■ **EXERCISE GOAL**: The response should repeat word for word every line below from the one with "حضرت آیتالله خامنهای" to the one with "Notebook em uma", inclusive, and nothing else; leave pictures out.

■ **SOURCE INFORMATION**:
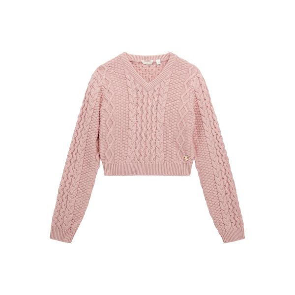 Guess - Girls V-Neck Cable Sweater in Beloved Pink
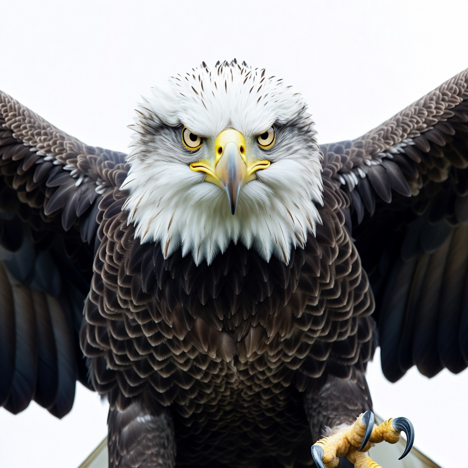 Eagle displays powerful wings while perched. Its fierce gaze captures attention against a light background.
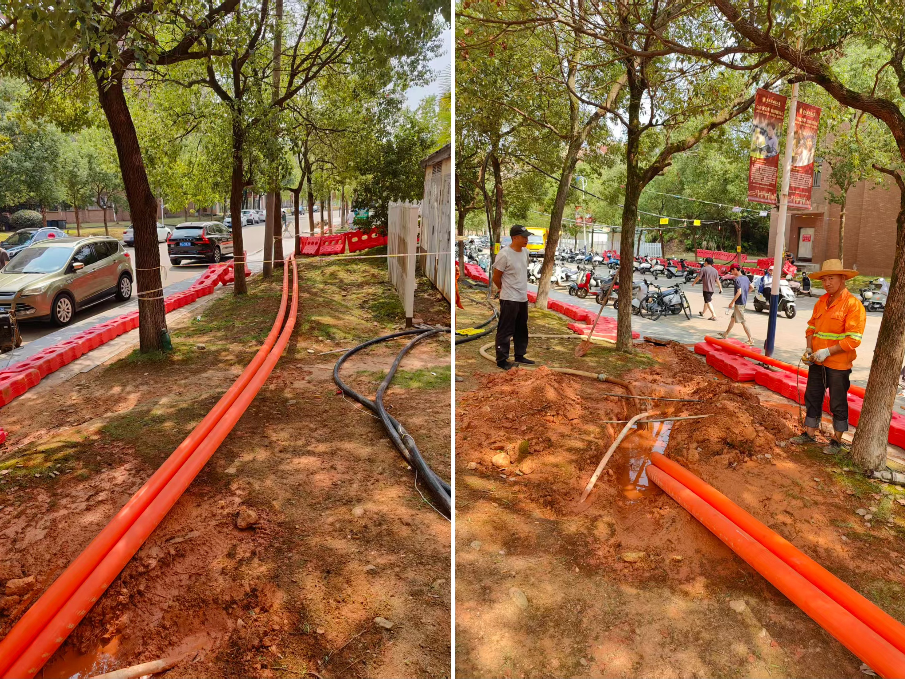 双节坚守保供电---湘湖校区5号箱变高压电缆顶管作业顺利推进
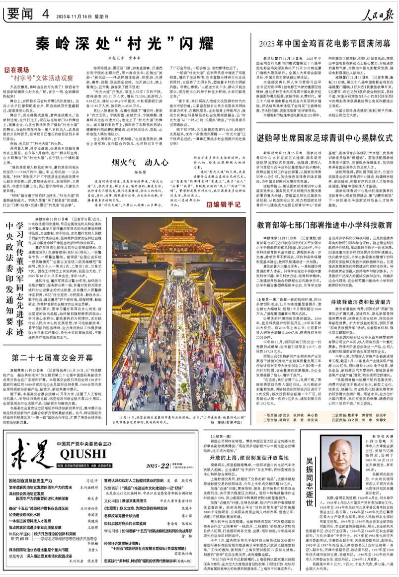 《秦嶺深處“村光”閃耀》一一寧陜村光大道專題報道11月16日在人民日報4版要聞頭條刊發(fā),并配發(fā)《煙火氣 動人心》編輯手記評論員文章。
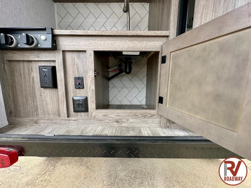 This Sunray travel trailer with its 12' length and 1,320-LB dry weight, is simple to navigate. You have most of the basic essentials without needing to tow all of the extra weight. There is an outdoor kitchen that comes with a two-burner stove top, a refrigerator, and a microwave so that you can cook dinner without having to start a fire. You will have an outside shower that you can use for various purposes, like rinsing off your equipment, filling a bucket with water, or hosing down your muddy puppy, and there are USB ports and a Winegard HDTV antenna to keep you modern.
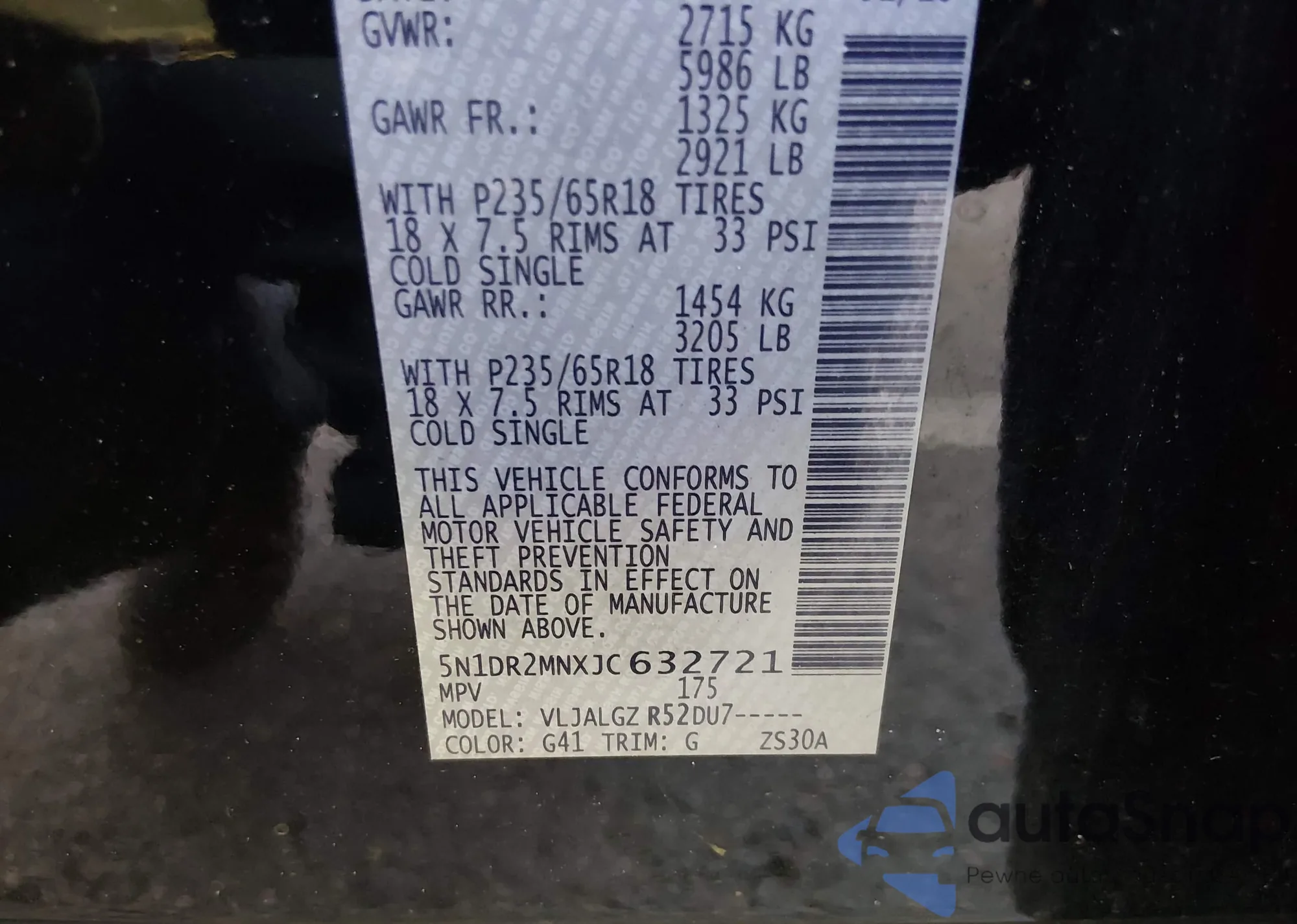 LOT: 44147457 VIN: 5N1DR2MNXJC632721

...

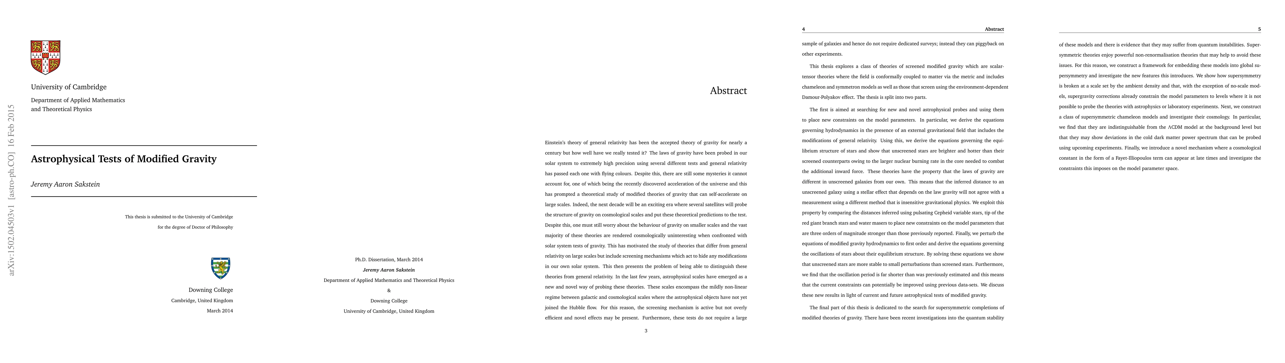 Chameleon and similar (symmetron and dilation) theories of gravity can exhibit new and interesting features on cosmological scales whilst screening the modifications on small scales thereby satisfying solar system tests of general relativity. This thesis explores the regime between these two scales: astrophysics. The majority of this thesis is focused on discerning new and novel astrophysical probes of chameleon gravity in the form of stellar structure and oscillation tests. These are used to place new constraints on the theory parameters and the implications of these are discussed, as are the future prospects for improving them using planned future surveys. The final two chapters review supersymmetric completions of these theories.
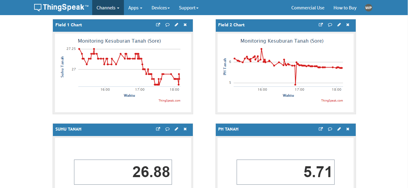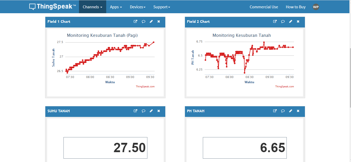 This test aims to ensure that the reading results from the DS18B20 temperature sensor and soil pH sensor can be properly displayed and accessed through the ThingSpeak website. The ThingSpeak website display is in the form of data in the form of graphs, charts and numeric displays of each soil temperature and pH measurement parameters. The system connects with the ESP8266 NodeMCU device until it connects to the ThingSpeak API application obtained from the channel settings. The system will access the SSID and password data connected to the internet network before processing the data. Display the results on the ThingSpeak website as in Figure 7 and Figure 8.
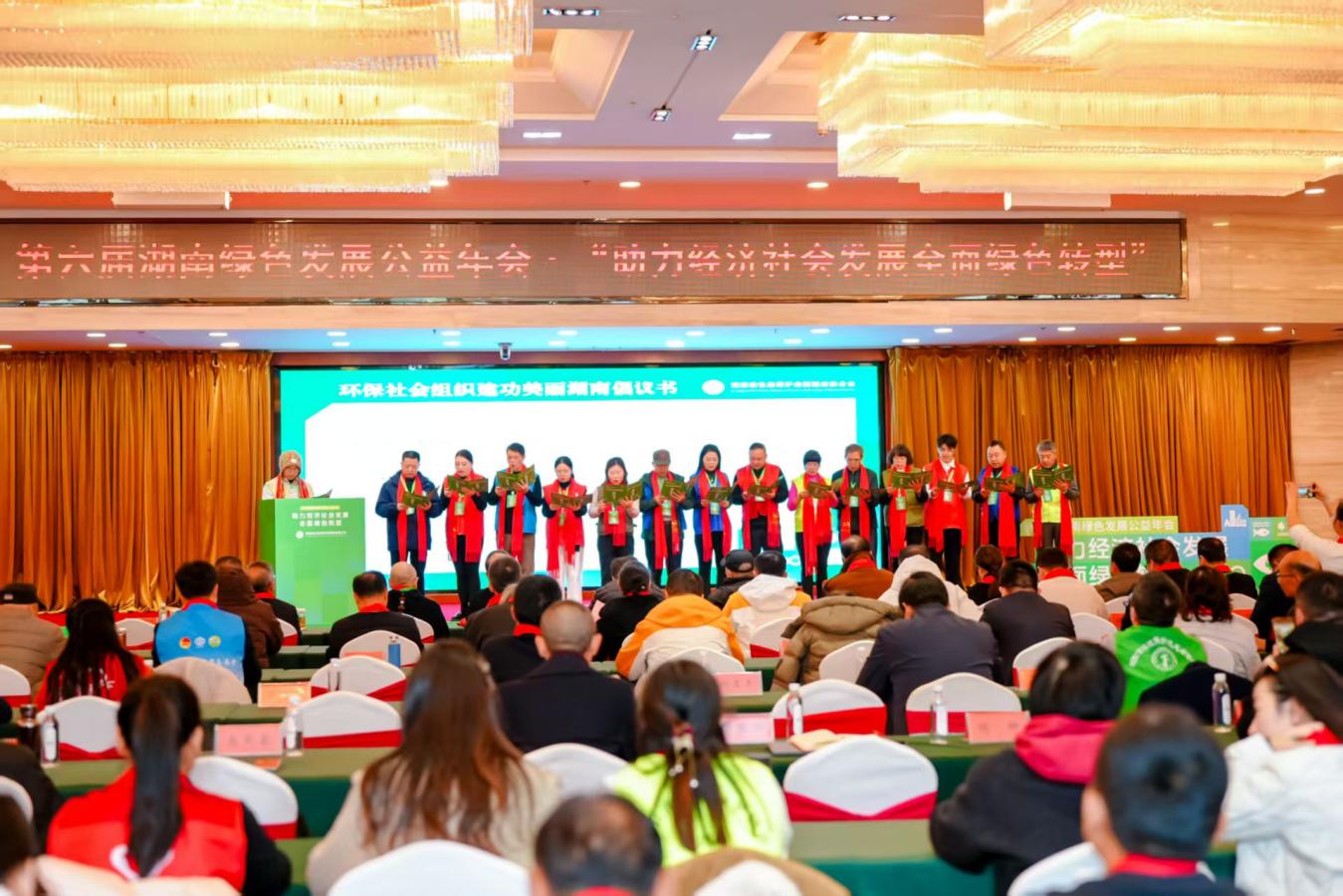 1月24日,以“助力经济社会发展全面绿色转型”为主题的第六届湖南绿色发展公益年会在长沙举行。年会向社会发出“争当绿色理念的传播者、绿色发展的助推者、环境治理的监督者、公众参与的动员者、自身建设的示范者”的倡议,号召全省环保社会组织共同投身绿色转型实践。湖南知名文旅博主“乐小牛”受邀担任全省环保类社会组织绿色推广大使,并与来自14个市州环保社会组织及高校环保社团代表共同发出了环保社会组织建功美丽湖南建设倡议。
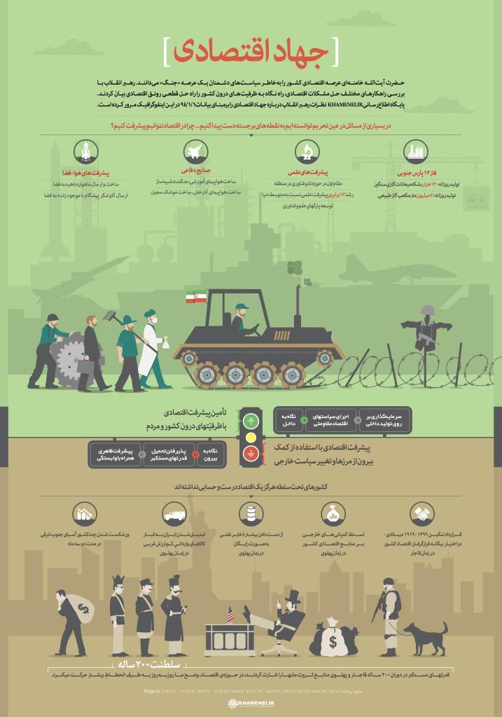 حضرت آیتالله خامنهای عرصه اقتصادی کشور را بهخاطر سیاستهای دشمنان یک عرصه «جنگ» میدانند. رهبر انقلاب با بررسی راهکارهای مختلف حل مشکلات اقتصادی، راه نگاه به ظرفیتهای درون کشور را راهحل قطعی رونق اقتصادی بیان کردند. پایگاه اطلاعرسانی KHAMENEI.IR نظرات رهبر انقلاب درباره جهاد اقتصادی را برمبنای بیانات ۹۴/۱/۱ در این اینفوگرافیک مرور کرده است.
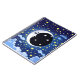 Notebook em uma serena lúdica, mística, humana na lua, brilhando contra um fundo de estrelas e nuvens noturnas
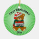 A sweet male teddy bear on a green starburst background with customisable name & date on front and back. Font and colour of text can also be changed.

--

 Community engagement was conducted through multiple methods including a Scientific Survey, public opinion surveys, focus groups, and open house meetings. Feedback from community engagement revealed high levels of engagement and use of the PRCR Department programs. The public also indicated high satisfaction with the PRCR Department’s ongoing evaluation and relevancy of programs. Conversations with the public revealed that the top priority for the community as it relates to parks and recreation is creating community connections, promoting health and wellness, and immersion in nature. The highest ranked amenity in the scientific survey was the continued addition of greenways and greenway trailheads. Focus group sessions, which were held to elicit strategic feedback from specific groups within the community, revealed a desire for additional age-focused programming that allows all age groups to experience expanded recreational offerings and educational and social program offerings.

■ **ANSWER SPACE**:
 حضرت آیتالله خامنهای عرصه اقتصادی کشور را بهخاطر سیاستهای دشمنان یک عرصه «جنگ» میدانند. رهبر انقلاب با بررسی راهکارهای مختلف حل مشکلات اقتصادی، راه نگاه به ظرفیتهای درون کشور را راهحل قطعی رونق اقتصادی بیان کردند. پایگاه اطلاعرسانی KHAMENEI.IR نظرات رهبر انقلاب درباره جهاد اقتصادی را برمبنای بیانات ۹۴/۱/۱ در این اینفوگرافیک مرور کرده است.
 Notebook em uma serena lúdica, mística, humana na lua, brilhando contra um fundo de estrelas e nuvens noturnas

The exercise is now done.